*Exercise brief*.
Drop every image and restate the entries below word for word.

*Stored dataset items*.
================================

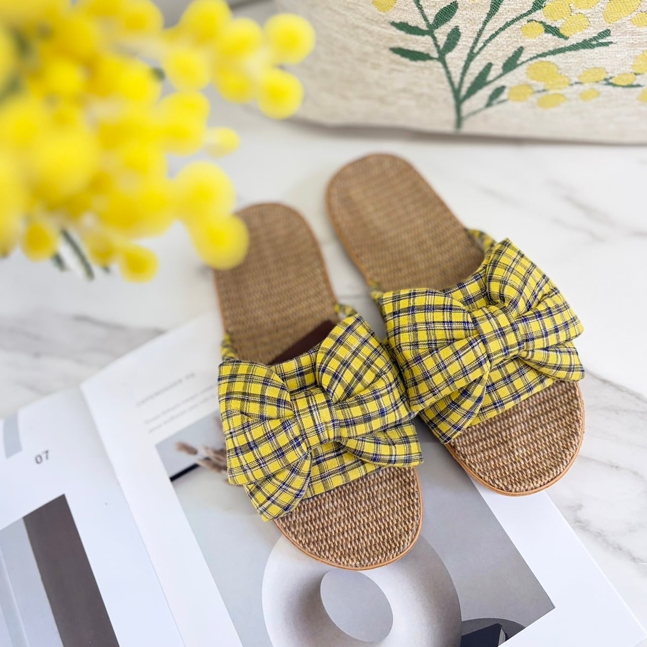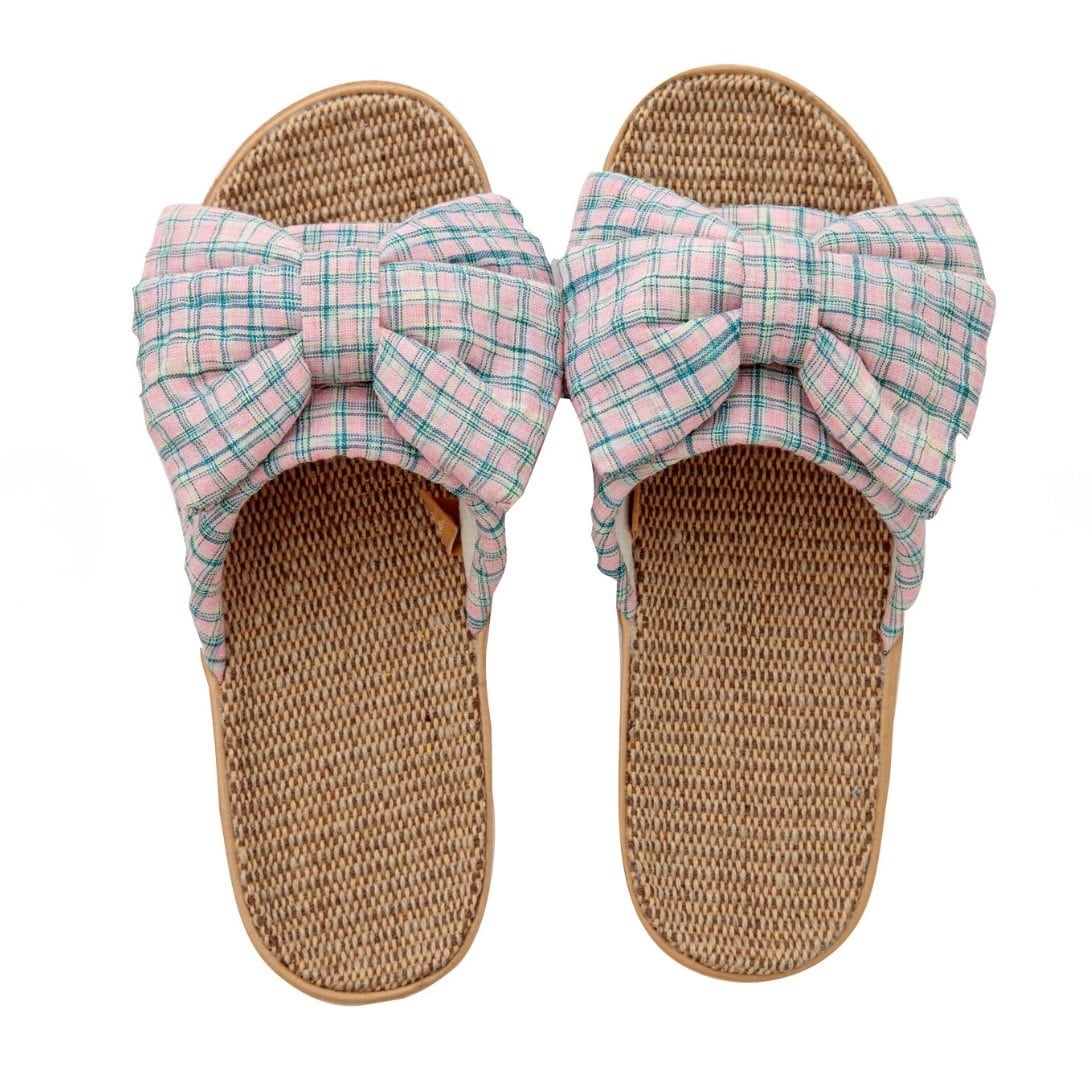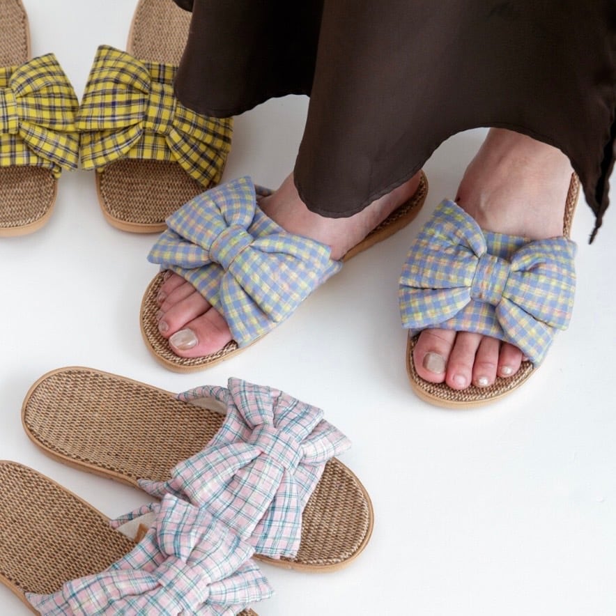 スリッパ ルームスリッパ ルームシューズ 室内履き 室内用スリッパ 春夏スリッパ 夏用スリッパ 涼しいスリッパ 軽量スリッパ 通気性 ジュート サッカー生地 リボンスリッパ 立体リボン チェック柄 大人可愛い フェミニン ナチュラルインテリア 来客用スリッパ おしゃれ室内履き 新生活 インテリア ギフト 母の日ギフト
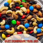 A simple and delicious Trail Mix recipe combining roasted nuts, raisins, and colorful M&M’s. Perfect for a quick snack on the go or a healthy energy boost during outdoor activities.
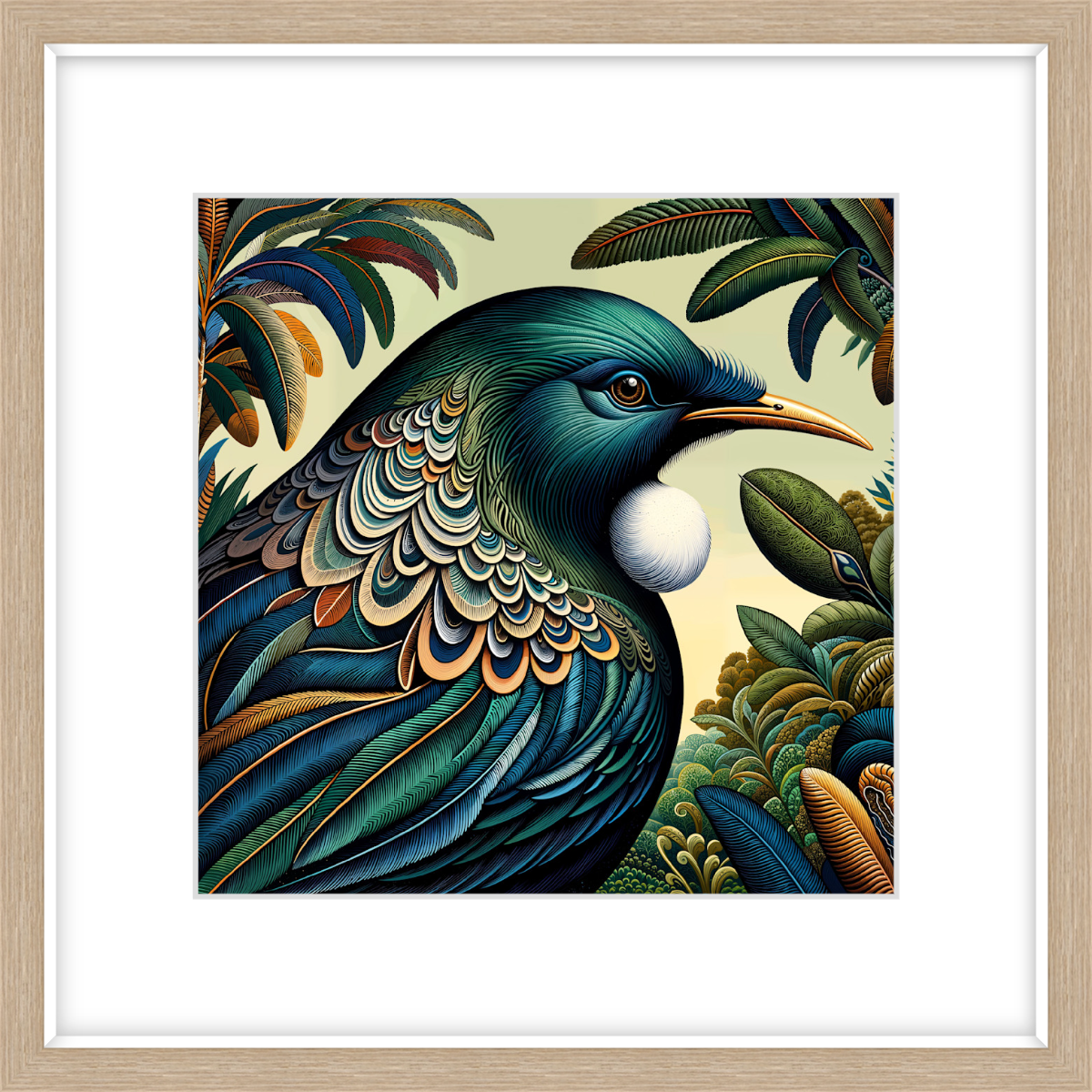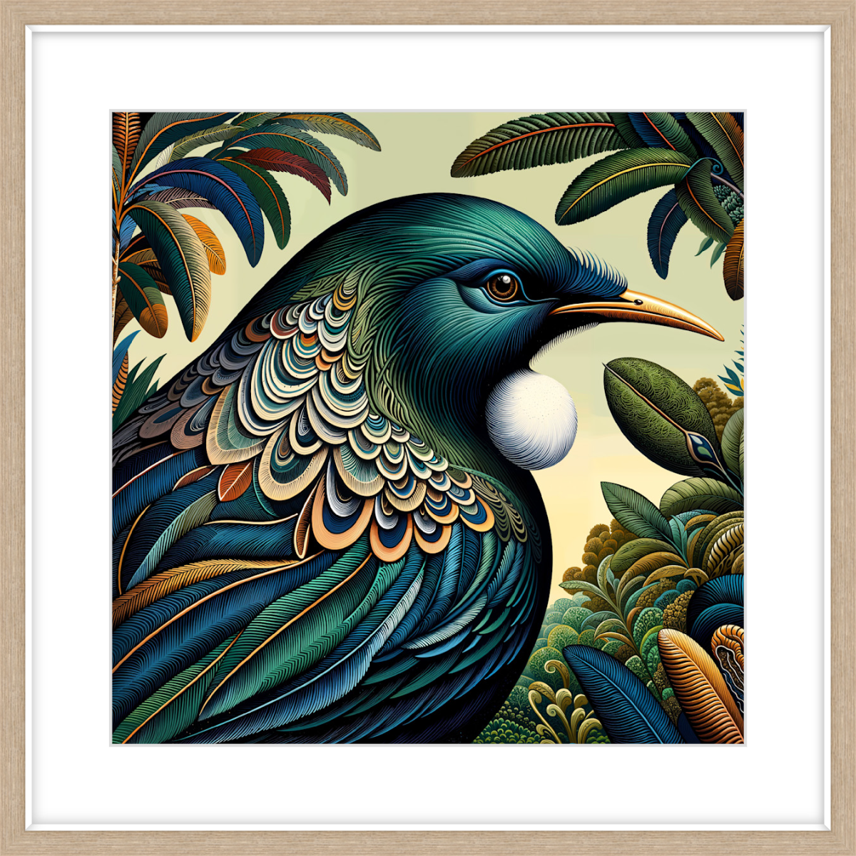 This art print of the Tui is available as 400x400mm art print, 600x600mm art print and 800x800mm art print. You may also choose to take the hassle out of framing and order it framed, in either black, white or natural.
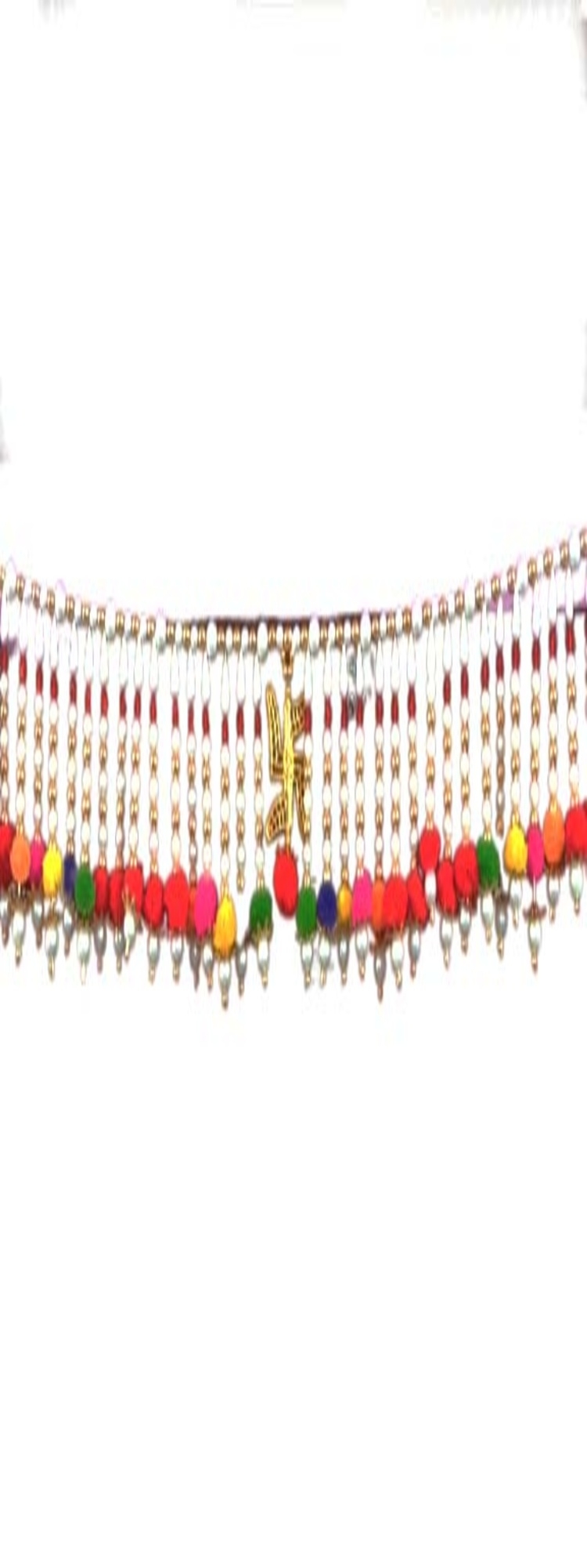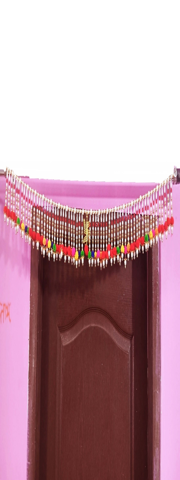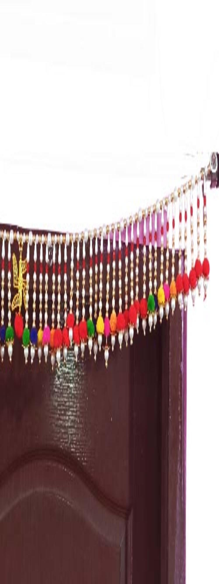 Moti Toran with Multicolour Pompoms| White and Golden
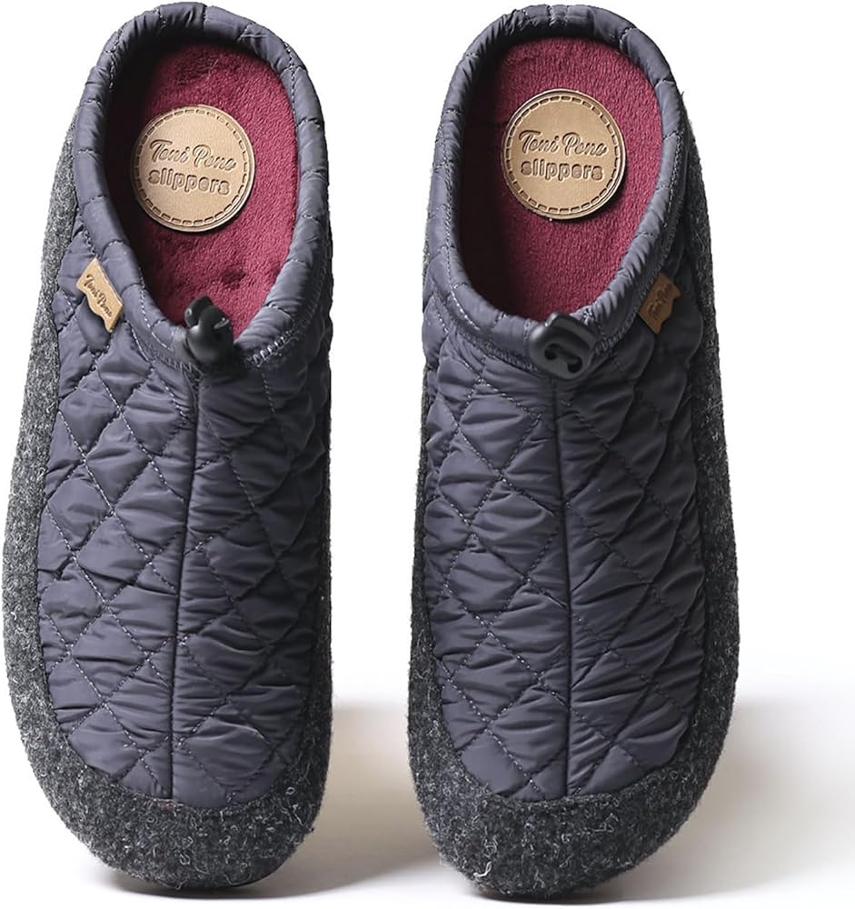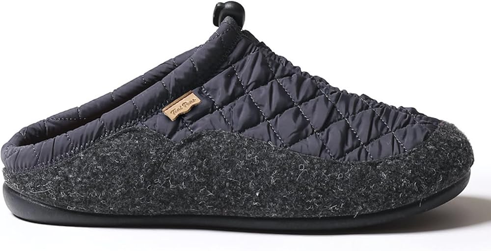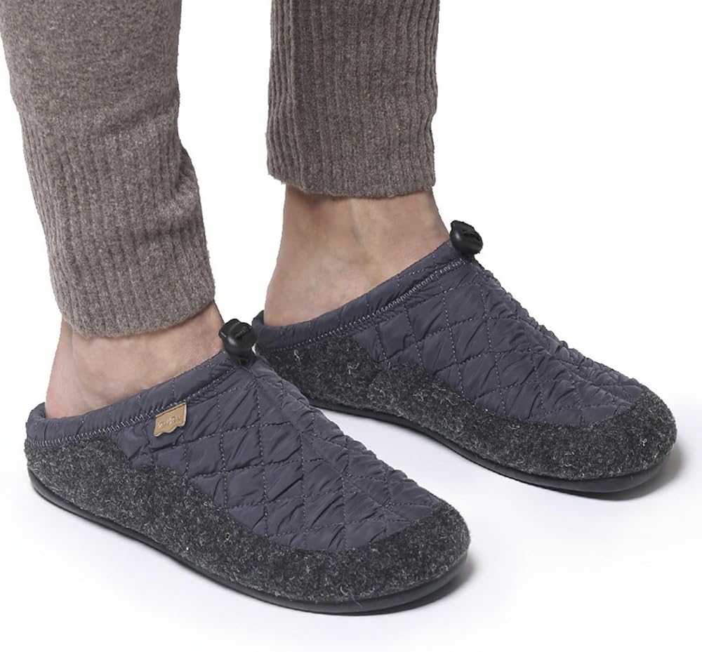 NADIR-UM. This men's clog house slipper is made in solid tones combining felt and quilted fabric. The entire sole is made of non-slip rubber. The sole is flat and features a removable insole with 2 cm thick wedge on the heel part. This model fits the usual size, if you are between two sizes choose a larger size. It is not advisable to wash the slippers in the washing machine. We recommend you check the care guide for how to maintain them.

================================

*Output of the exercise*.
 スリッパ ルームスリッパ ルームシューズ 室内履き 室内用スリッパ 春夏スリッパ 夏用スリッパ 涼しいスリッパ 軽量スリッパ 通気性 ジュート サッカー生地 リボンスリッパ 立体リボン チェック柄 大人可愛い フェミニン ナチュラルインテリア 来客用スリッパ おしゃれ室内履き 新生活 インテリア ギフト 母の日ギフト
 A simple and delicious Trail Mix recipe combining roasted nuts, raisins, and colorful M&M’s. Perfect for a quick snack on the go or a healthy energy boost during outdoor activities.
 This art print of the Tui is available as 400x400mm art print, 600x600mm art print and 800x800mm art print. You may also choose to take the hassle out of framing and order it framed, in either black, white or natural.
 Moti Toran with Multicolour Pompoms| White and Golden
 NADIR-UM. This men's clog house slipper is made in solid tones combining felt and quilted fabric. The entire sole is made of non-slip rubber. The sole is flat and features a removable insole with 2 cm thick wedge on the heel part. This model fits the usual size, if you are between two sizes choose a larger size. It is not advisable to wash the slippers in the washing machine. We recommend you check the care guide for how to maintain them.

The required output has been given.